Монах Ермолай, внешне тихий сморщенный старичок восьмидесяти лет, был последним в городе активно не смирившимся с советской властью человеком. Про себя он гордился тем, что ни единого часа не жил по советским законам.

Отец его был конокрадом. Его традиционно по-русски страшно убили озлобленные мужики, поймав с поличным. Мать, оставшаяся с пятью детьми, отдала мальчика в Спасский монастырь.

Его поступление в монастырь совпало с пострижением Григория Шиманского. Тот взял подростка в свою келью и сделал его со временем своим келейником. Из свойственной Шиманским барской дури он выучил мальчика французскому языку и разговаривал с ним, к досаде и недоумению остальных отцов, по-французски. Мальчик оказался умен, зол и сообразителен. Со временем он стал правой рукой настоятеля, выполняя все его поручения, вплоть до самых тайных, а тайных было больше, чем явных – беспрерывные поездки к его друзьям по масонской ложе по разным городам России.
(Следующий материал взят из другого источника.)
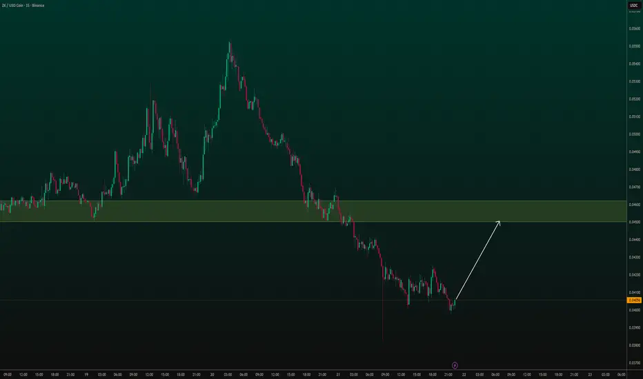 After a significant decline, ZK appears to be finding some stability at these lower levels. The white arrow indicates a potential bounce back towards the highlighted zone.

Постепенно к отцу Ермолаю привыкли. Он бывал в Петрограде, был вхож в самые тайные и высшие круги, был даже доверенным связником самого Николая Виссарионовича Некрасова – скрытого правителя масонской России. Кроме поездок к тайным друзьям наместника, отец Ермолай приглядывал за монахами и был своего рода главой тайной полиции монастыря. Вместе с игуменом он следил за политическим барометром настроений братии. Всех тех монахов, кто был настроен хотя бы чуть-чуть демократически, наместник Григорий переводил в другие монастыри или же в дальние хозяйственные скиты.

Наместник Григорий упорно сколачивал своеобразное ядро из людей, ненавидящих, желательно по личным причинам, надвигающуюся революцию. «Своя» революция – революция Керенского – не должна была волновать Григория Павловича Шиманского.

«Все останется как прежде, но будет даже чуть-чуть получше. Уберут только всю эту распутинскую камарилью».

У масонов были свои люди в армии, в руководстве промышленностью, своих людей не было только среди пастырей православной церкви. Шиманский был направлен масонами в монастырь, именно поэтому и именно масоны сделали сказочно быструю карьеру брату Георгию. К тому же личная жизнь лейб-гвардии гусарского ротмистра Шиманского к тому времени была основательно разрушена. Роман с женой французского коммерсанта окончился ничем. Аннет Велипольская, которую он бросил почти что под венцом из-за француженки, с горя увлеклась его младшим братом Сергеем. Одним словом – сплошные руины.